Field system, Shrone More, Co. Kerry
Co. Kerry |
Ritual/Ceremonial
High on the uplands of County Kerry, beneath layers of turf that have been accumulating for centuries, a prehistoric field system is quietly coming back into view.
Spread across roughly 2,000 square metres at Shrone More, the walls here represent not a single moment of construction but at least two distinct building traditions preserved side by side. Some are low, rounded mounds of small limestone boulders and occasional slabs, no more than half a metre high, which raises a curious question: if that modest height was always the intention, the walls may originally have been topped with wooden posts to make them functional as field boundaries. Others are altogether more substantial, built from large upright limestone slabs forming both inner and outer faces, with rubble packed between them, reaching around a metre in height and a metre in width. It is this second type that predominates, enclosing several small, rounded fields whose shapes suggest a working agricultural landscape rather than anything monumental.
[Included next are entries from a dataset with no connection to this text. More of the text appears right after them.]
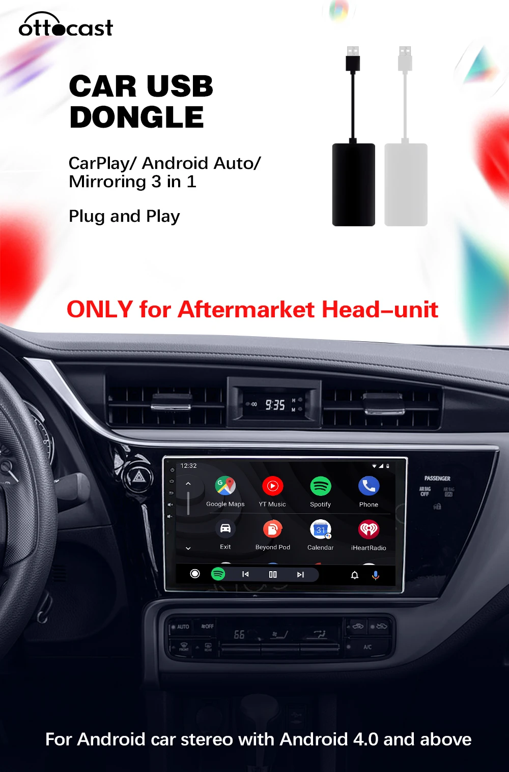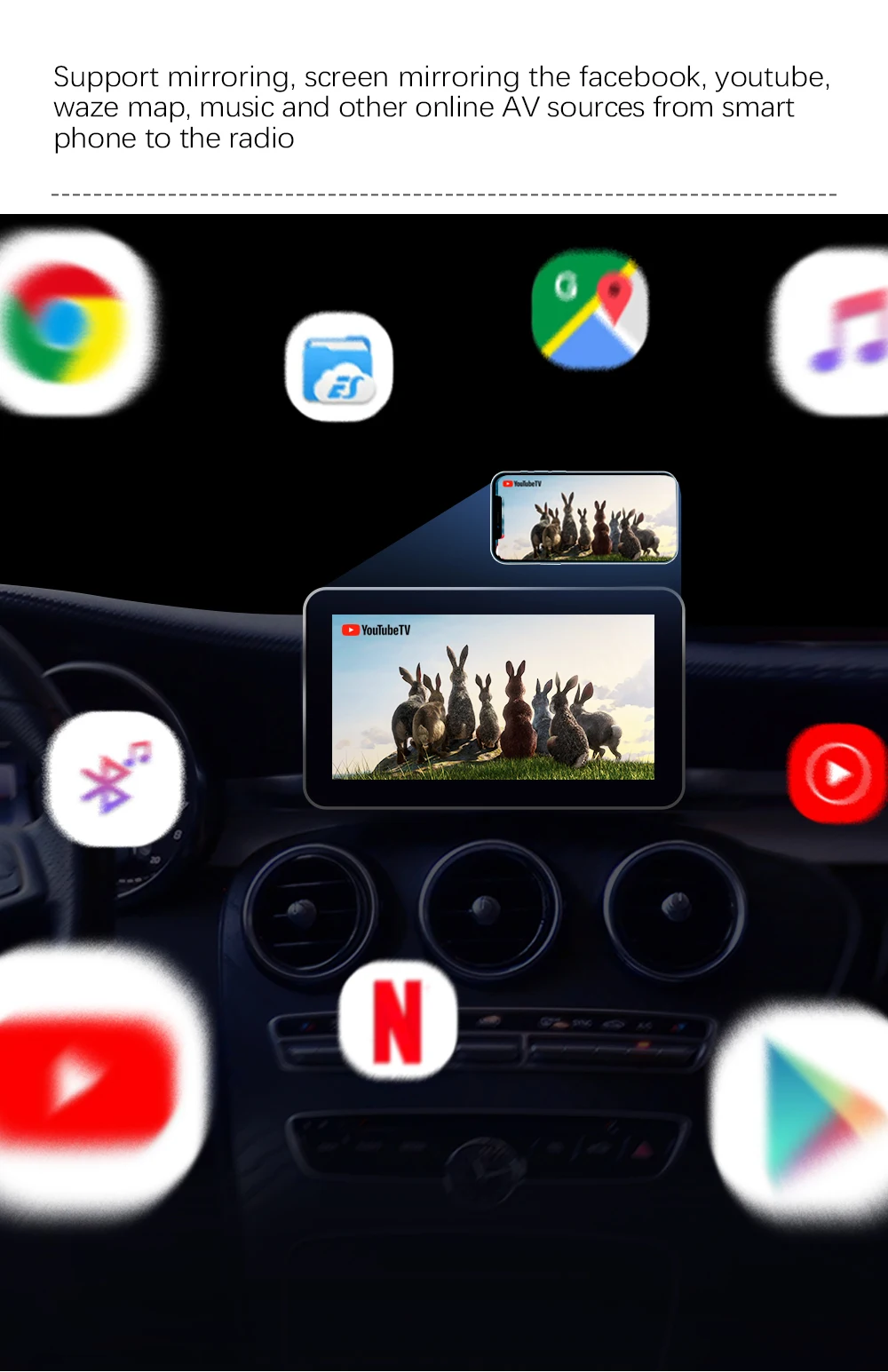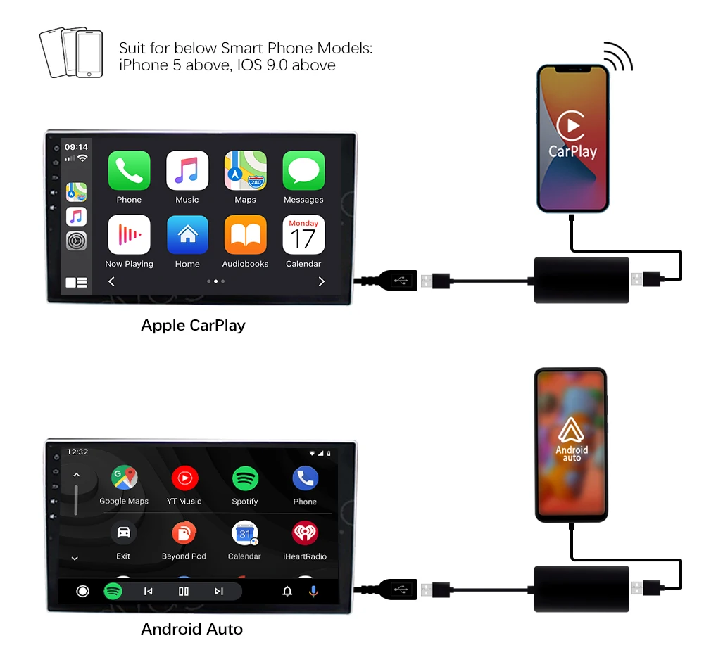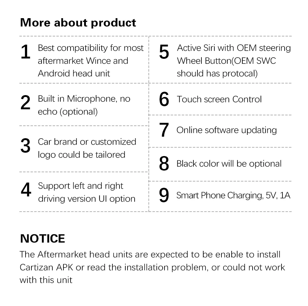 1. Подходит для iPhone с iOS 8.1.1 и выше, iPhone 5 или выше. 2. Подходит для телефонов Android с Android 4,3 и выше. 3. Подходит для автомобильных стереосистем Android 4,0 и выше. 4. Поддержка голосового управления Siri & Ok Google, чтобы получать указания, совершать звонки, отправлять и получать сообщения и т. д. 5. Простая установка. Подключи и работай.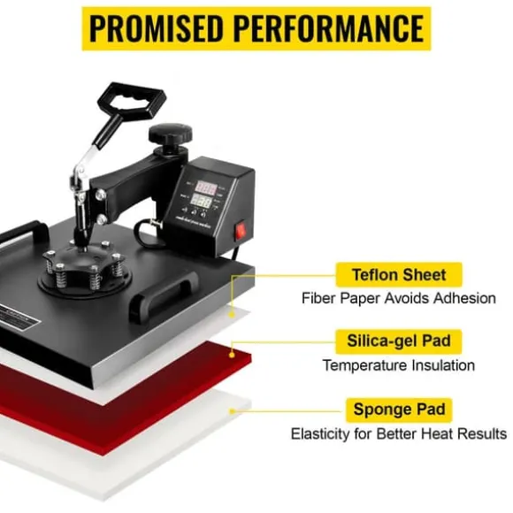 15 x 15 tums värmepress, snabb uppvärmning, mångsidig och effektiv överföring.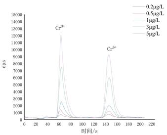 用1 mg/L Cr3+和Cr6+混合標(biāo)準(zhǔn)溶液依次稀釋配制濃度分別為0.2 μg/L、0.5 μg/L、1.0 μg/L、3 μg/L、5 μg/L Cr3+和Cr6+混合工作曲線標(biāo)準(zhǔn)使用液。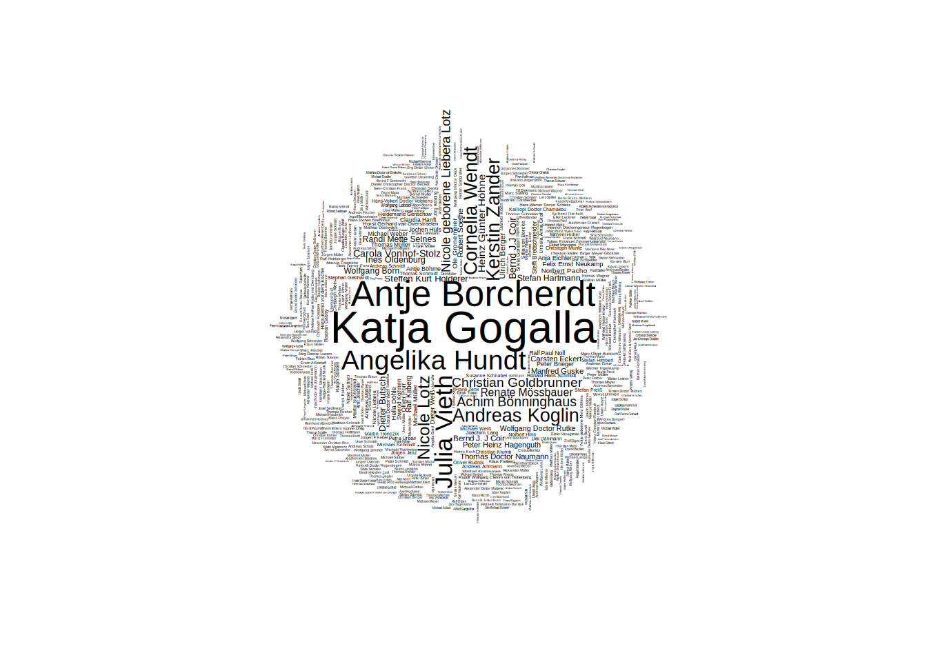 Das ganze können wir uns auch nochmal als Namenswolke anzeigen lassen. Um den Rahmen nicht zu sprengen, zeige ich hier nun die 500 Namen an, die am häufigsten eingetragehn sind.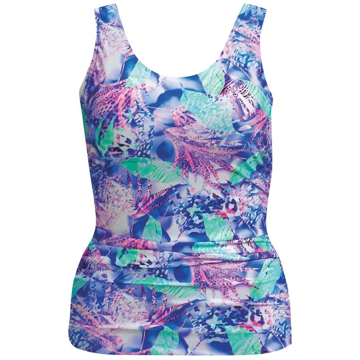 Gathered sides create soft shirring across the front of this top that both conceals and flatters. As comfortable as it is attractive. Scoop back. Soft Foam Bra System consists of a separate liner with elastic at the bottom under the bust and shaped foam pads sewn in for added coverage. Lined in the front only. Generous Length. “Prorated 1-year warranty” Imported of ultra-chlorine-resistant ChloroGuard™.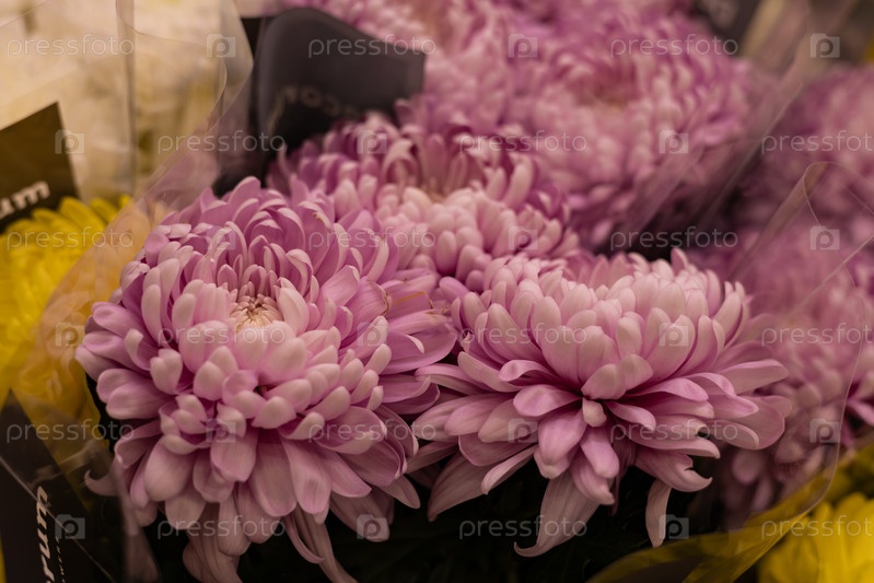 Хризантемы розовые в горшках в цветочном магазине для продажи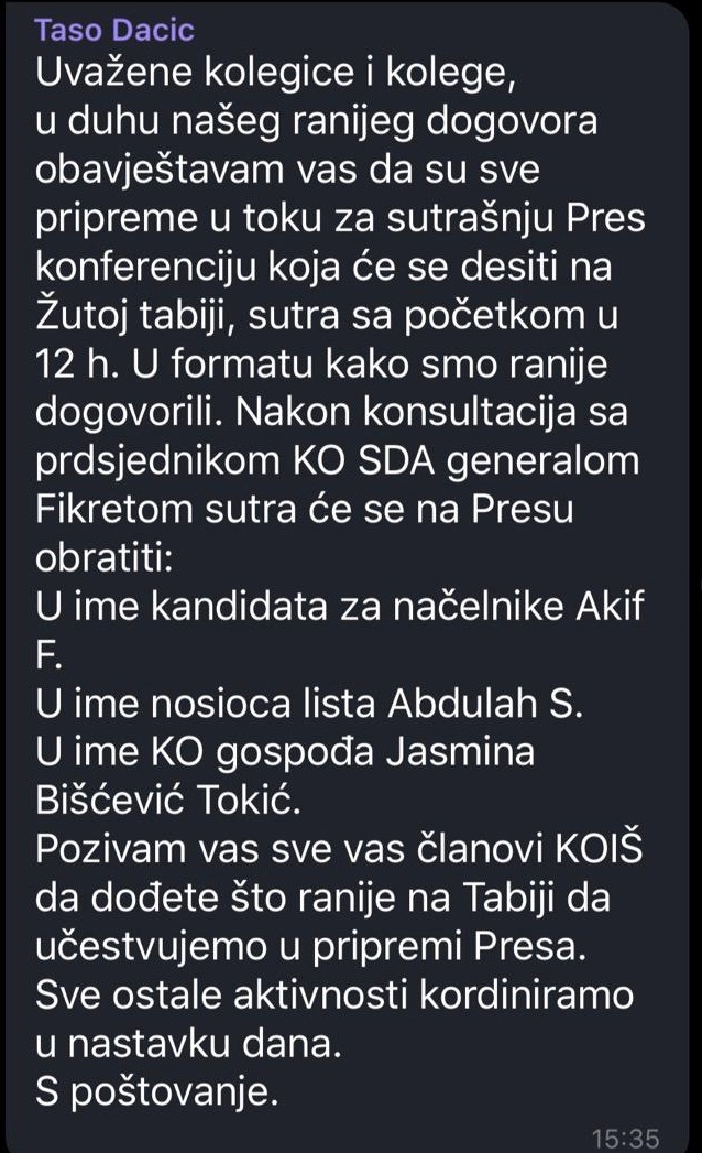 Na koju profesionalnu mjeru je rukovodstvo SDA dovelo KO SDA Sarajevo, najbolje govori poziv za press “šefa” izbornog štaba Tase Dacića.

The site came to broader attention through F. Coyne's 2006 upland archaeological study, "Islands in the Clouds", which examined the archaeology of Mount Brandon and the Paps. What gives Shrone More an additional layer of interest is its proximity to a group of stone chambers and a chambered mound immediately to the south. A chambered mound is a prehistoric funerary or ritual structure, typically a large earthen or stone mound enclosing one or more roofed chambers. Crucially, none of the field walls cuts across or disturbs these monuments, a relationship that Coyne notes as potentially significant. When two sets of archaeological features sit side by side without interfering with each other, it can suggest they were in use at the same time, built by people who knew exactly what their neighbours had already put in the ground. The walls are continuing to emerge from the peat as turf cutting exposes them further, meaning the picture of this landscape is still, in a literal sense, being uncovered.